>>>>

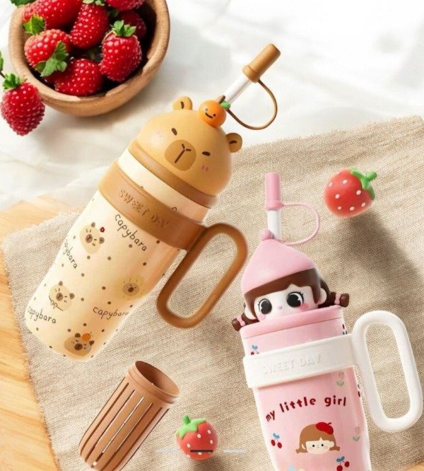 ¡Hidratarse nunca fue tan divertido! 💕 Estos vasos térmicos infantiles se destacan por su diseño súper tierno con tapa 3D de personajes, ideales para peques (¡y grandes fans de lo cute!).
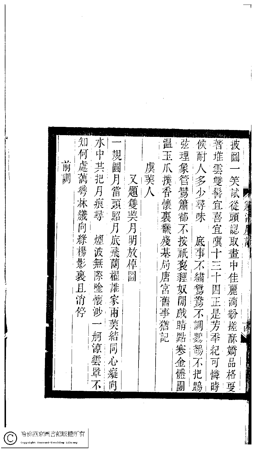 | Appears in: Xiao tan luan shi hui ke gui xiu ci: 10 ji 100 zhong 100 juan (edited by Xu Naichang, Qing dynasty): Meng xiang lou ci: 1 juan |
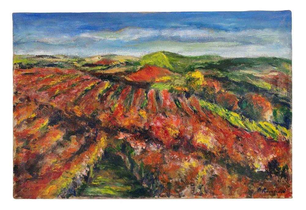 Pino Romanò, Vineyard in Autumn, Oil Painting, 1999
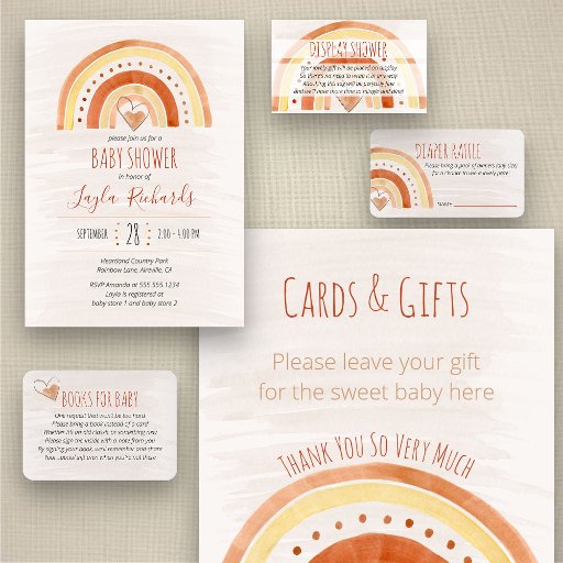 Simples e giro, chá de fraldas, convite. Este design neutro de gênero tem uma paleta de cor suja quente e apresenta uma lavagem a cores aquáticas em tons suaves naturais com arco-íris de rabisco e coração de amor em tons retrorreflectores vintage de laranja queimada, pincel, especiarias e amarelo. Baby Sprinkle é escrito em tipografia de fontes esbranquiçada e esbranquiçada, enquanto os nomes dos pais estão em elegante roteiro manuscrito. O poema é totalmente editável e atualmente lê-se "Big Sister [nome] tem muito a compartilhar, é apenas um borrão para mostrar que nos importamos! Não é preciso muito, só o básico o fará, como fraldas, toalhetes, cartões-presente e uma ou duas roupas." Um design gentil e doce - perfeito para uma menina ou um bebê.
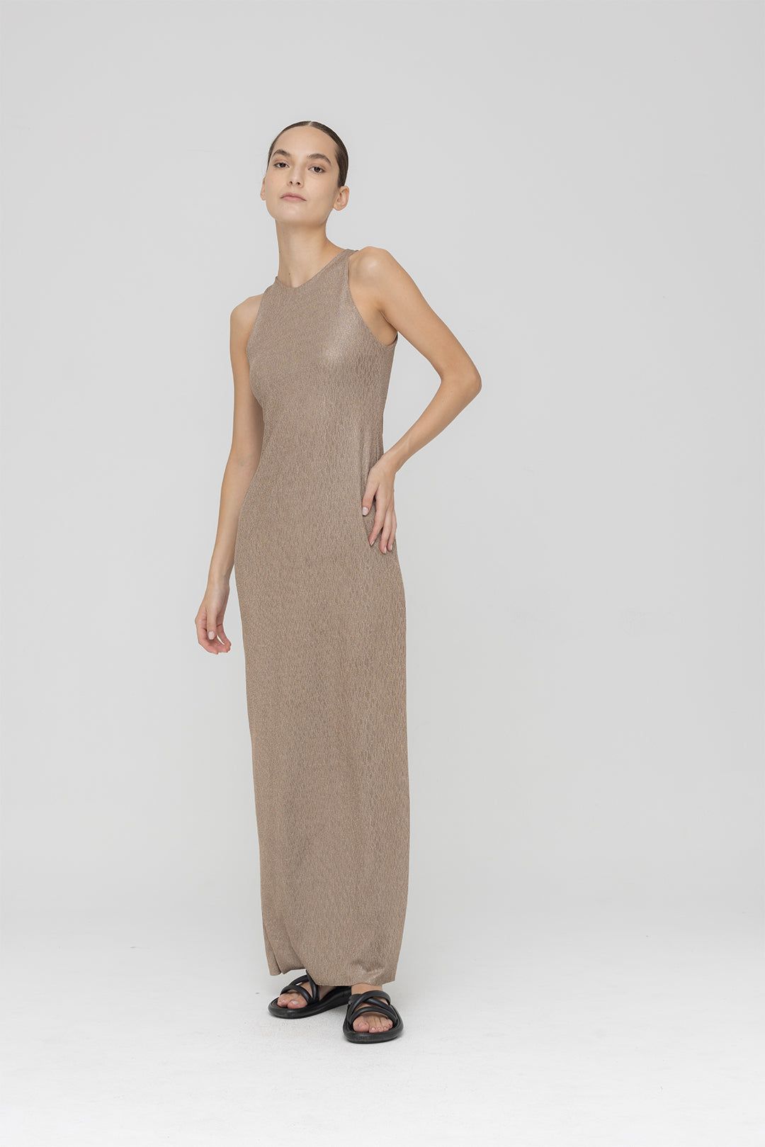 Vestido maxi de licra espejo, un diseño clásico ideal para lucir tanto en la ciudad como en la playa.
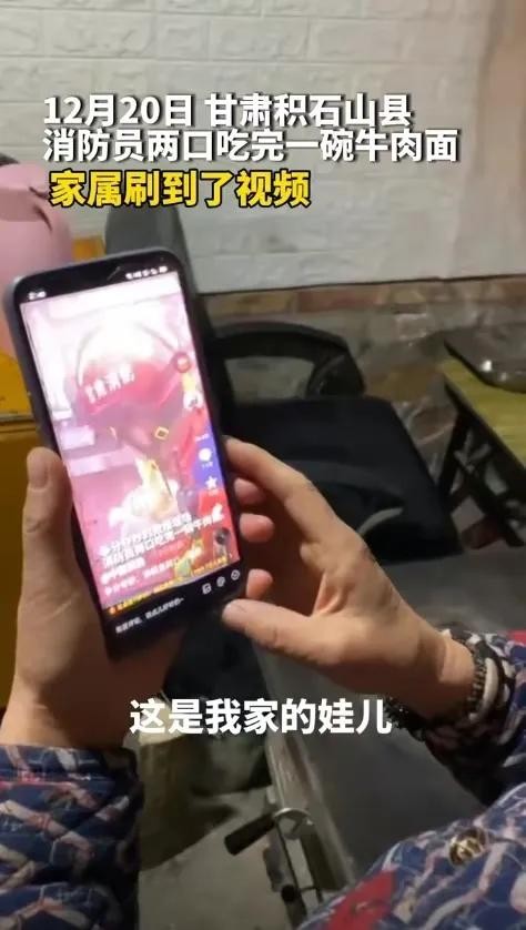 章节三:这段视频很快传到了消防员的家人那里。看到儿子在救援现场吃着简单的牛肉面,家人心疼得直流泪。他们感叹道:“这是我家的娃儿,你看吃的牛肉面,你看口大的,冻得哇,娃娃辛苦了。”
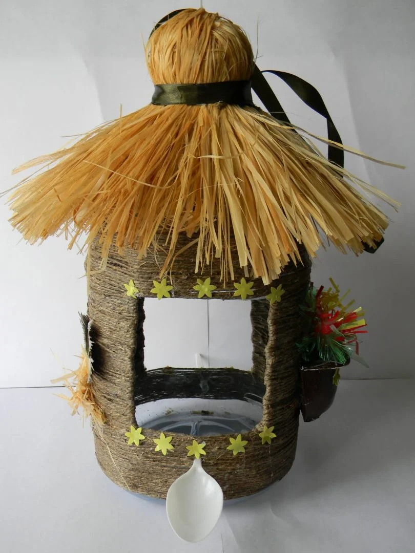 В бутылке из пластика края летка получаются острыми. Чтобы обезопасить лапки птиц, отверстие лучше с внутренней стороны обложить пластилином.
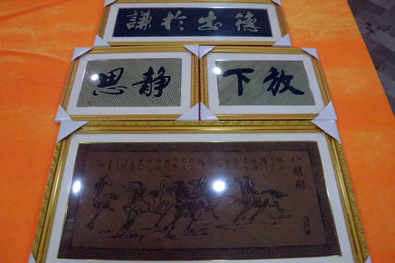 在竹编兴趣教室里,一幅幅由老师和同学们制作的竹编制品分类陈列,有制作精美的竹编文字和竹编图画,也有编制精巧的竹篮、筲箕等生活用品,其中一幅制作精美的《八骏图》竹编作品格外吸人眼球。
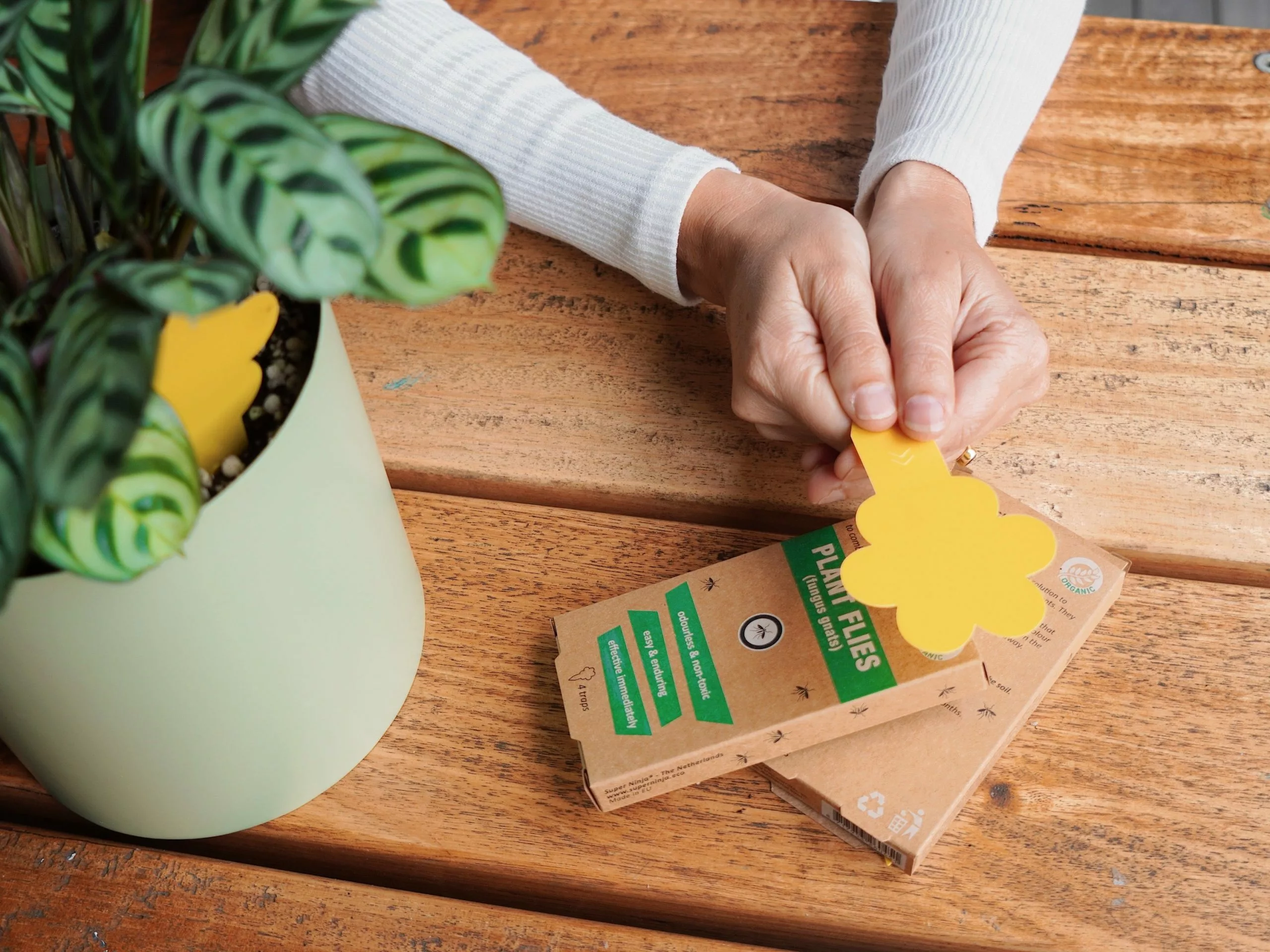 Meet your new security guards, “Plant Fly Ninjas”. It’s a 10 pack of sticky traps ideal for catching pesky fungal gnats. A green pest control alternative lasts for up to three months and is an effective and straightforward solution for catching flying pests. Pesky fungal gnats “get lost”.Â
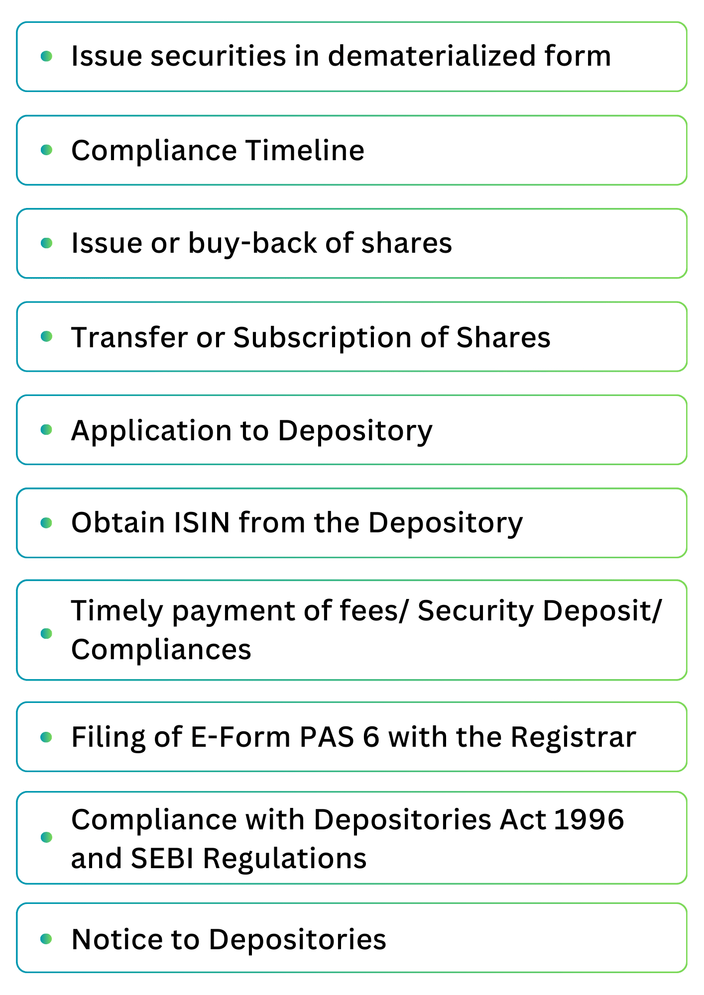 Listed Companies, Unlisted Public limited companies, non-small private limited companies, Section 8 Companies, Subsidiary of a Foreign or Indian Company, Producer Companies (non-small), Dormant Company (non-small), a wholly owned subsidiary of a private company, Non- Banking Financial Companies are subject to mandatory dematerialization of securities.
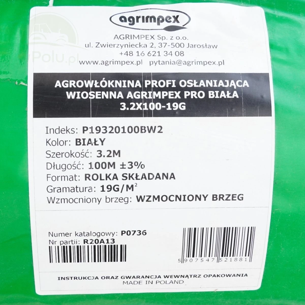 Agrowłóknina Agrimpex PRO P19 6,35 X 100 MB to wielosezonowa biała włóknina okryciowa przeznaczona do profesjonalnych upraw rolniczych, warzywniczych i sadowniczych. Chroni rośliny w okresie wiosenno-jesienno-zimowym przed przymrozkami, silnym wiatrem, gradem oraz zbyt intensywnym nasłonecznieniem. Dzięki trwałej, elastycznej strukturze dobrze dopasowuje się do upraw, a jednocześnie zapewnia przepływ wody i powietrza, co ogranicza ryzyko gnicia roślin. Dodatkowo stanowi barierę dla ptaków i owadów, sprzyjając zdrowemu wzrostowi roślin oraz wcześniejszemu uzyskaniu plonów.
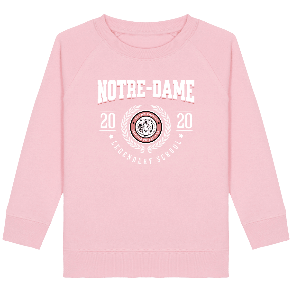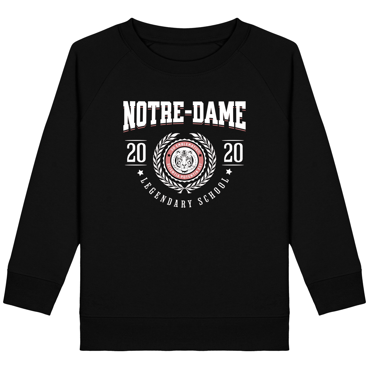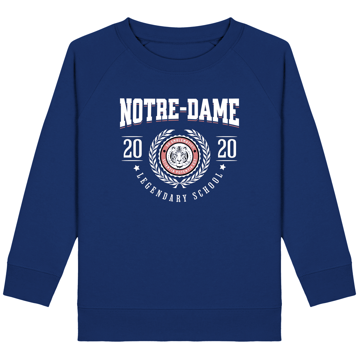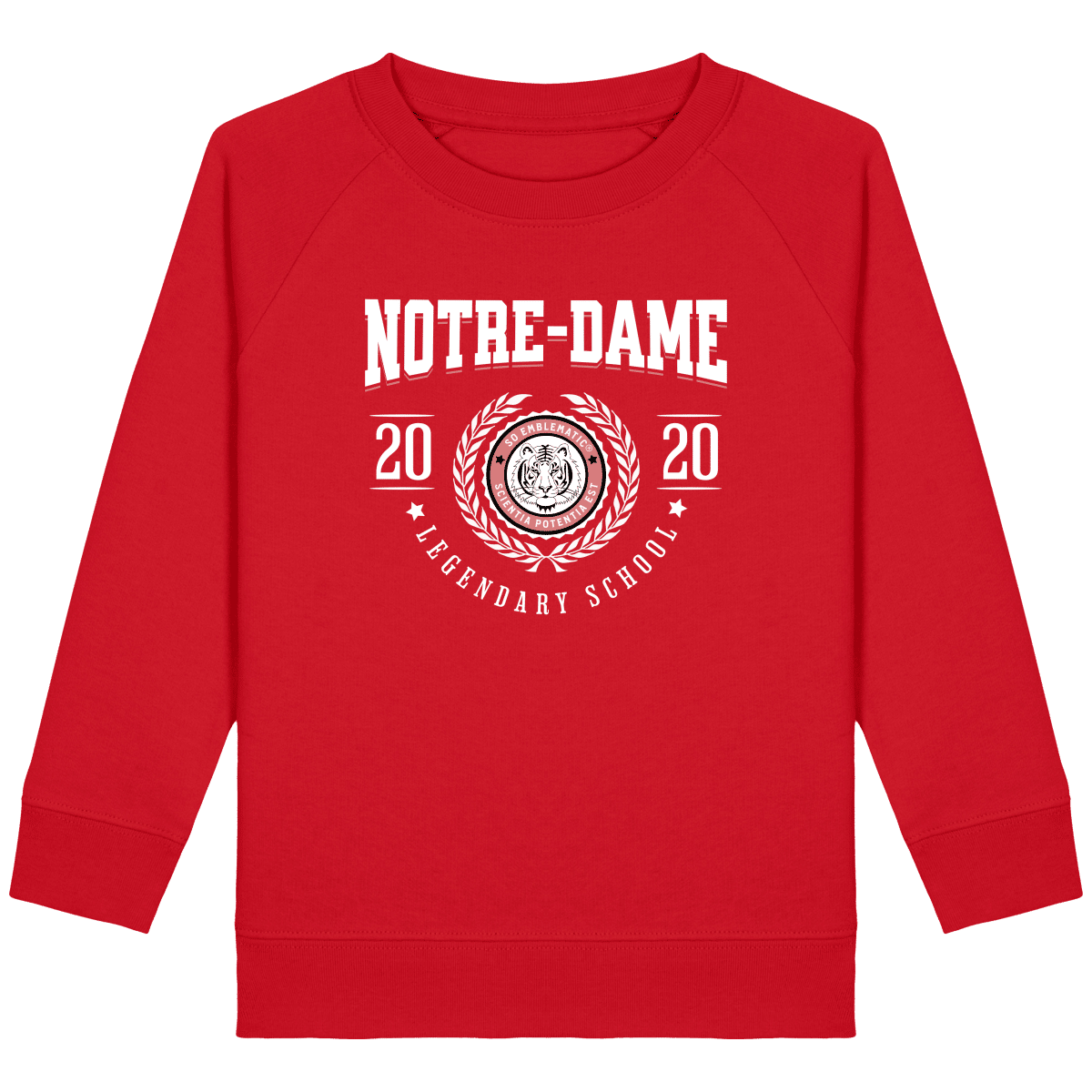 Sweat Enfant University NOTRE-DAME. Sweat enfant col rond en coton BIO de la marque STANLEY STELLA. Manches raglan, Col en côte 1×1. Bande de propreté intérieur col en jersey. 1/2 lune intérieur col dans la matière principale, Côte 1×1 au bas de manches et bas de corps. Surpiqûre double aux emmanchures, bas de manches et bas de corps. Sweat intérieur en molleton non brossé (non duveteux). 85% coton biologique filé et peigné, 15% polyester recyclé. Coupe normale du 3/4 ans au 12/14 ans. 300 G/M².
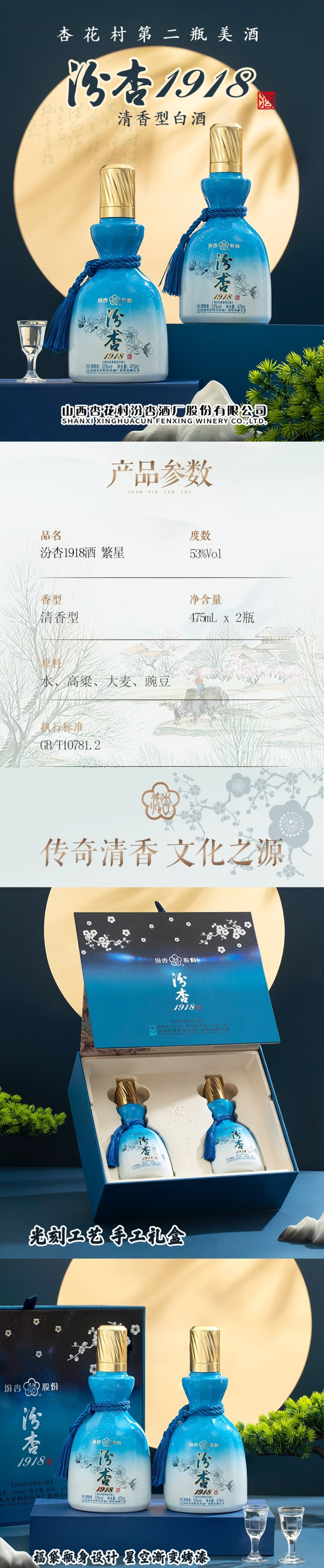 【原箱秒杀】汾杏 1918 繁星 清香型 475ml*2x3【整箱】
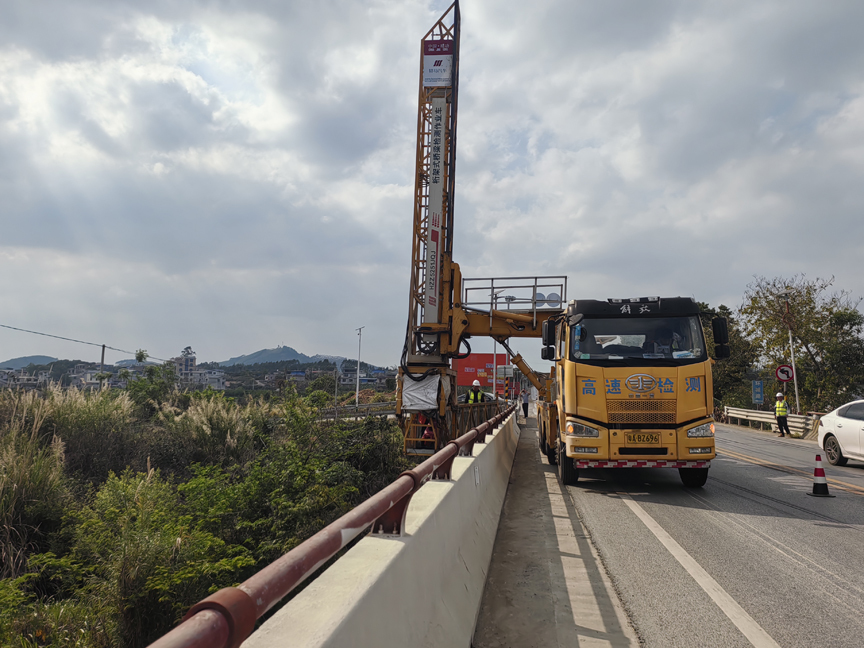 此次檢測覆蓋G323線全線重點橋梁,旨在通過科學評估橋梁技術狀況,及時發現潛在隱患,為后續養護決策提供精準依據。與平時橋梁定期檢查不同,本次檢測應用桁架式橋梁檢測車,替代傳統懸空作業模式,大幅提升檢測安全性與效率。在檢測過程中,技術人員操控檢測車伸縮臂靈活穿梭于橋底,對橋面系、上部結構及下部結構的裂縫、變形、銹蝕等病害進行精細探查,并通過高清影像與數據采集系統,精準記錄病害程度。

<<<<

### PROBLEM DETAILS
Everything above from the line containing "Meet your new" down to the line containing "Listed Companies, Unlisted" is to be duplicated exactly, both lines included, and the pictures are to be omitted.

### YOUR SOLUTION
 Meet your new security guards, “Plant Fly Ninjas”. It’s a 10 pack of sticky traps ideal for catching pesky fungal gnats. A green pest control alternative lasts for up to three months and is an effective and straightforward solution for catching flying pests. Pesky fungal gnats “get lost”.Â
 Listed Companies, Unlisted Public limited companies, non-small private limited companies, Section 8 Companies, Subsidiary of a Foreign or Indian Company, Producer Companies (non-small), Dormant Company (non-small), a wholly owned subsidiary of a private company, Non- Banking Financial Companies are subject to mandatory dematerialization of securities.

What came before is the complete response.